The Mudcat Café TM
Thread #155357   Message #3668339
Posted By: Jim Carroll
12-Oct-14 - 10:56 AM
Thread Name: What makes a new song a folk song?
Subject: RE: What makes a new song a folk song?
"If you go to a 'classical' concert with no further information you will have no idea whether you're going to hear Mozart, Beethoven"
I think this is true to an extent, but all these types have ben long established and fall into their own identifiable genres of music under a general heading.
I'm quite fond of both trad and modern jazz, though I do prefer to know what I'm setting out to hear before I venture forth.

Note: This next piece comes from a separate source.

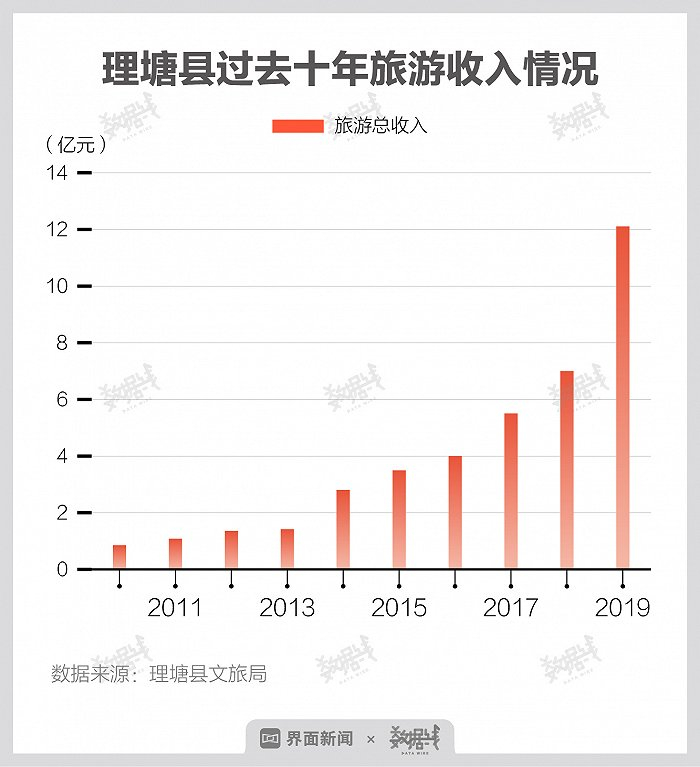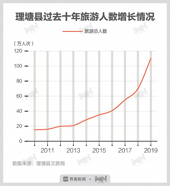 事实上,理塘县积极发展旅游经济,已有近十年。理塘县旅游局副局长毕雪松去年接受界面新闻采访时介绍:“2013年后,(甘孜)从州级层面提出全域旅游概念,我们也按照要求完善国道318和227沿线的旅游基础设施。过去几年对理塘县旅游基础设施的各类投入,累计大约有5到6亿元。”

This is not what is being argued for here, and if I turned up to a folk club and was given what PFR has just put up I'd be ******* livid - there is no way that can possibly be described as folk in any shape or form and it would be a complete con to attempt to try (thank you for the perfect example, BTW).
From the word go there have been a wide variation of styles on folk scene ad you learned to suck it and see.
Virtually all forms could be traced back to traditional music in one form or another (even Zimmermann, when he was using folk forms to create), but now, it seems folk clubs are being used as platforms for any kind of music - the term has become totally meaningless within the folk scene.
The aggression with which PFK states his preferences is fairly typical of much of this and many other arguments - it is not just a takeover that has taken place, but an extremely hostile one - that has led to acculturation (one genre being displaced by another).
If folk song had not been so well documented and archived it would have been lost to us totally.